Online journalism is considered "bad" to the older folk, which is completely understandable. Back in the day, they got their news by going out to their mailbox in the morning or listening to an old radio system. The old folks couldn't fathem going on to a website such as ESPN.com or CNN.com and getting their news just like that, it's not how they're wired.

Many people argue if having fewer choices is better than having a bunch of choices. I'd completely disagree with that statement. For example, let's say you have a choice to live in either Detroit or Chicago. That's all. Nothing else. If you had more choices to pick from, your life will be a lot better. Choices are what shape our country, everything happens for a reason. The world of choice is great simply because you can pick what you wanna pick, case closed. 
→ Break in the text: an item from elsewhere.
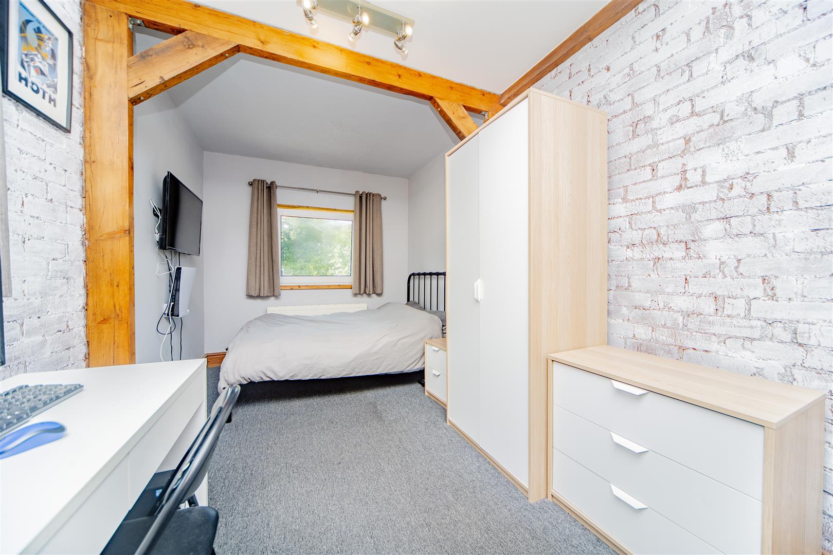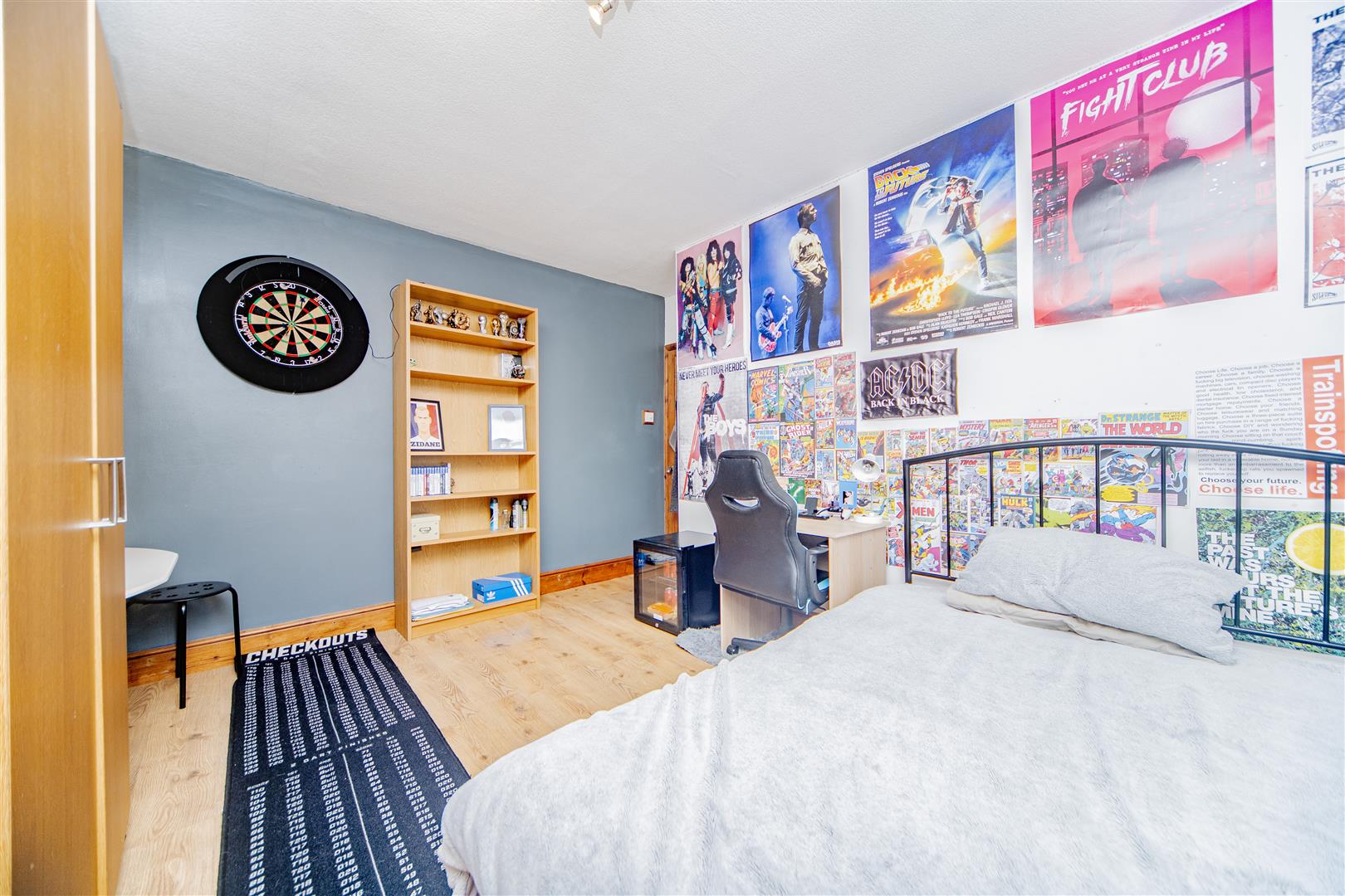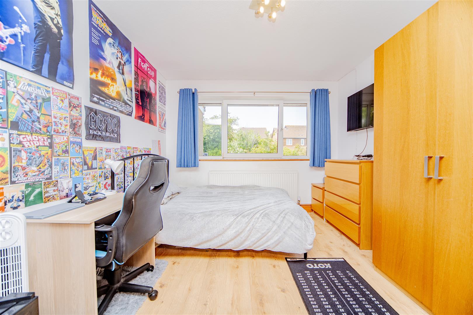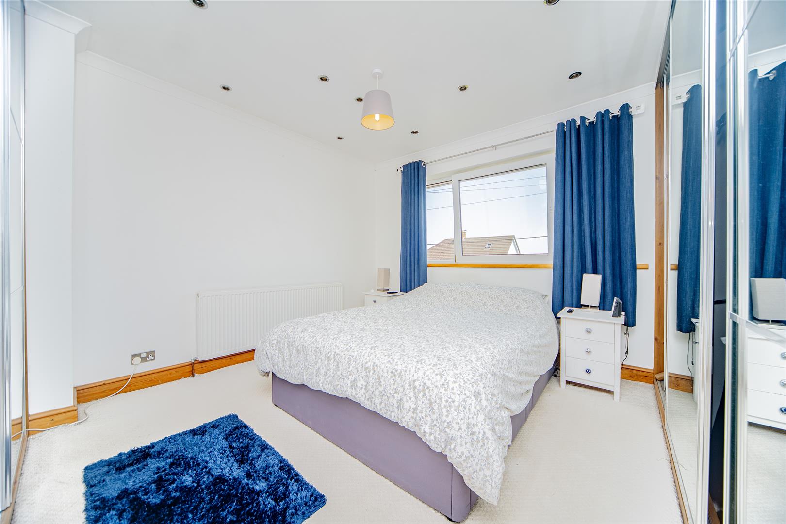 Upstairs, the property offers three generously sized bedrooms. The front-facing main bedroom benefits from fitted mirrored wardrobes, providing ample storage. The family bathroom features a bath, toilet, and sink, finished with stylish dark grey flooring and matching splashback. Wooden doors are featured throughout the property, adding to its cohesive and warm ambience.

Some humans don't like choice simply because there are too many options to chose from these days. If you make one wrong decision, it could come back to haunt you later on. You could argue that, sure, but ultimately YOU are the one making the decision so the only petsonga you could blame is yourself. 
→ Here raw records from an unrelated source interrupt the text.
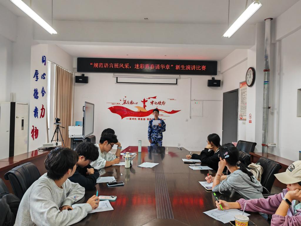 9月21日,学院在明道楼A320举办“规范语言展风采,迷彩青春诵华章”新生演讲比赛,10名2025级新生结合大学初体验与军训感悟,以标准流利的普通话表达对青春、梦想和家国的思考。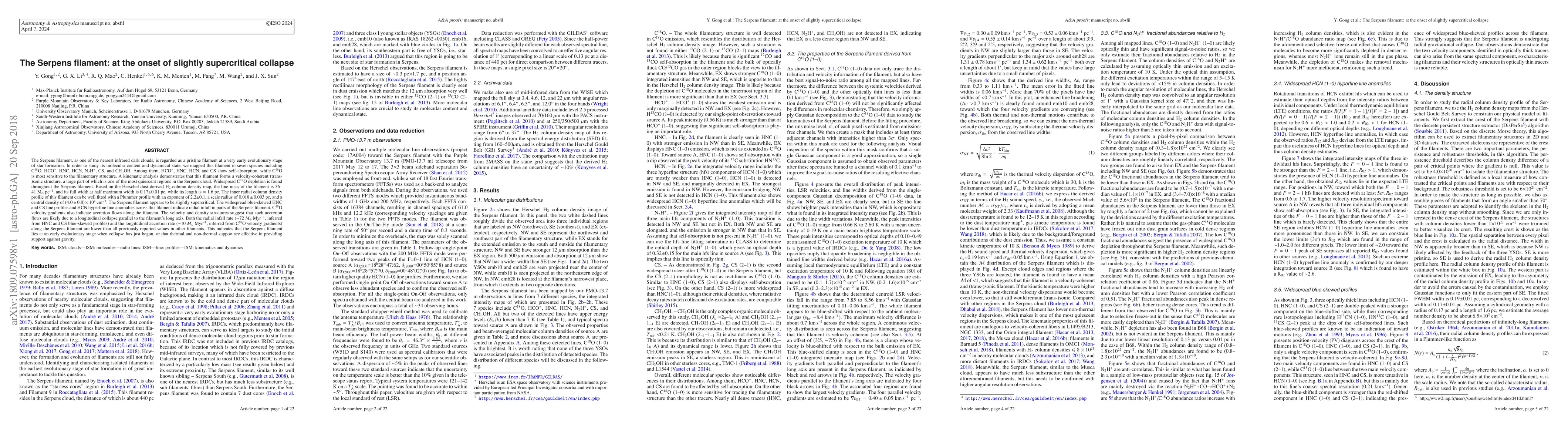 The Serpens filament, a nearby infrared dark cloud, shows early signs of star formation with low infall and accretion rates. Its molecular content and velocity-coherent structure indicate a slightly supercritical collapse, suggesting it is in an early evolutionary stage.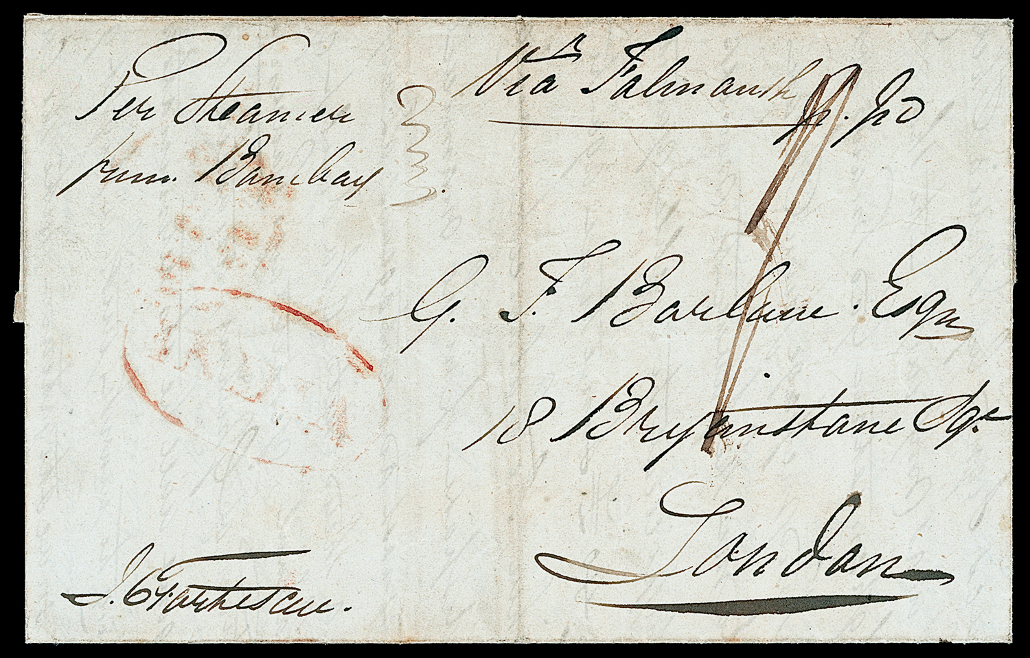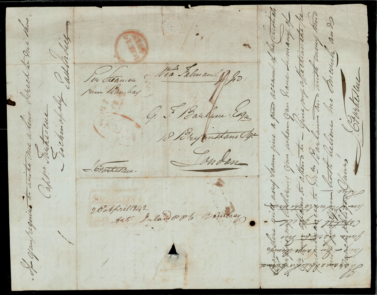 NEGAPATAM/Paid Giles 5 faintly struck in red with manuscript "20th April 1842" date and "As 5 Inland PP to Bombay" rate added on back of folded letter to London, England, sender's directive "Per Steamer from Bombay, Via Falmouth",

In conclusion, choice is an option everybody has. You can chose what you want to be, which ultimately, will decide if you're successful or not. The world of choice is a privilege to have. 







Wednesday, March 23, 2016

Blog #2- The Future






How do you think the job of a reporter is changing? How will it continue to change?


Many people believe Journalism is changing. The answer is simple if you put everything into perspective: The world is changing. A Journalism major 20 years ago would be flabbergasted with all of the new technology kids these days are learning. They used old voice recorders to interview athletes after a game, we use a recording app on our phone. They had to take notes on a piece of paper at a sporting event and get the news out to people the next day, we tweet out play-by-play updates to the general public and get the news to the general public as it's happening.
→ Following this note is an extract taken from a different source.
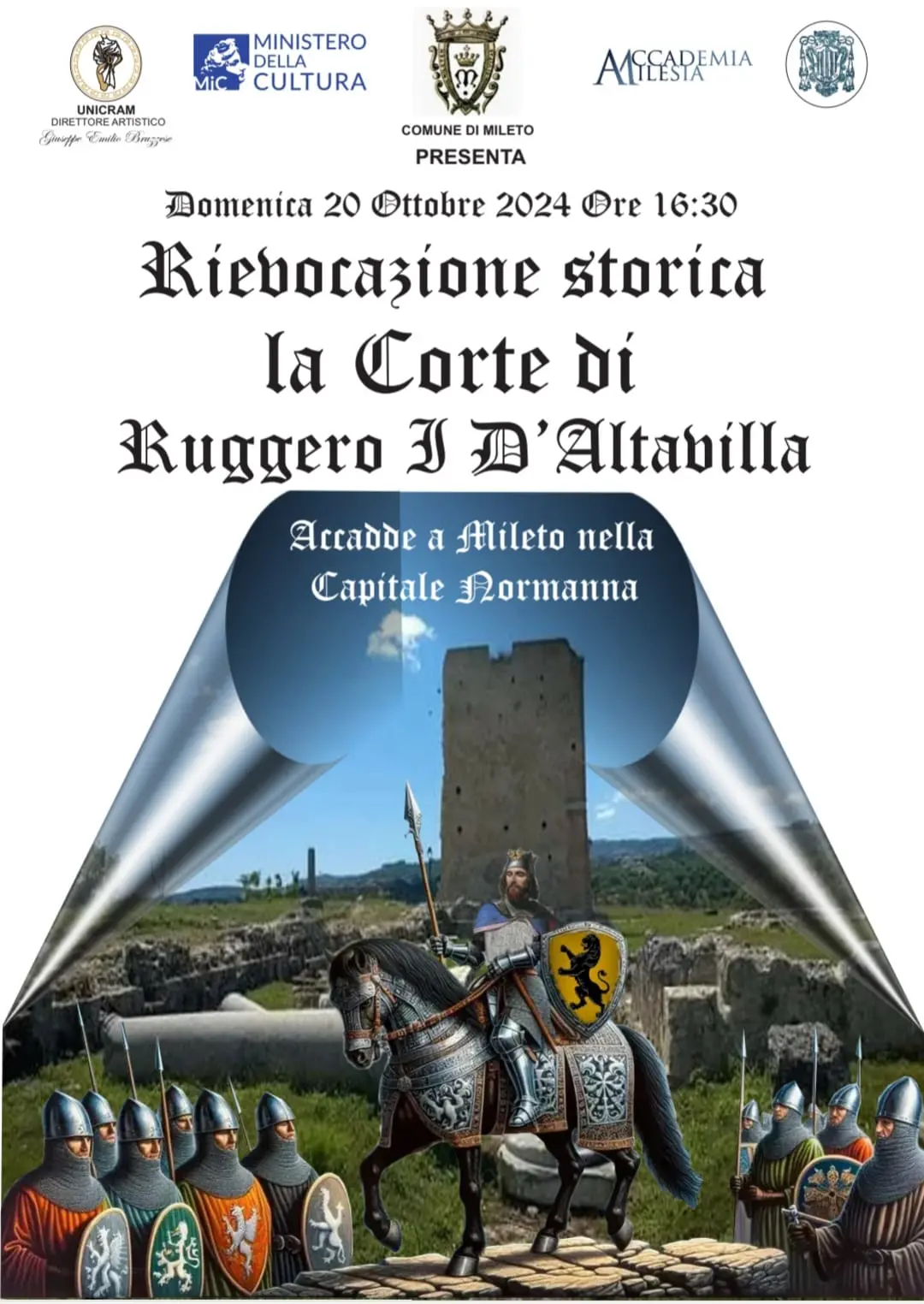 Ritorna a Mileto il Corteo storico normanno. L’appuntamento è per domenica 20 ottobre. La manifestazione culturale sarà organizzata dall’amministrazione comunale con il contributo della Regione Calabria, la direzione artistica dell’associazione Unicram di Reggio Calabria e la consulenza storica della locale “Accademia Milesia”. Il corteo in costumi d’epoca prenderà il via alle ore 16 lungo le vie principali del centro cittadino. Prevista la partecipazione di circa 100 figuranti. Esso permetterà di rievocare alcuni momenti salienti dell’illustre trascorso normanno di Mileto, nell’XI secolo elevata da Ruggero D’Altavilla a capitale della propria contea, nell’ambito del processo di rilatinizzazione del meridione d’Italia attuato con il fratello Roberto il Guiscardo.

Newspapers will be a thing of the past 5 years from now. With the type of generation we have growing, kids will realize that they can get news much, much quicker by using Twitter rather than by paying for a subscription of a newspaper. 23% of households subscribe (pay) for a newspaper to show up at their door each and everyday. That number 10 years ago? 41%. Take that into perspective. TV journalism  is becoming huge these days as 55% of people say they have watched a newscast in the past 24 hours.

On our future of journalism project we made a hand held device called the iDisk. This device is going to revolutionize the way in which people get their news. It will work by having a button to turn it on and asking you to select one of the many topics including sports, world, country, state, etc. After you selected the category you are seeking, a voice activated system called Nova will display via the hologram system we inserted into the device. This is the future of journalism, not newspapers or magazines. This device is a game changer. The one thing I would do different for our project is set up a better game plan, this is not a cheap device to own so it will cost a lot to keep up with all of the demand for the project. The device can be applied to future projects by giving kids an idea of what 10 years from now is going to look like. It will happen, whether you like it or not.

To put all of this information into perspective may be difficult to people that aren't our age, but it's the way things are going. Journalism is revolving into a whole different format and I can't wait to see what it's going to look like in 5 years. The future of this business is and will remain very unclear, there could be a shortage of journalists or a surplus of journalists, we'll just have to wait and see how things turn out, and hopefully, it's for the best.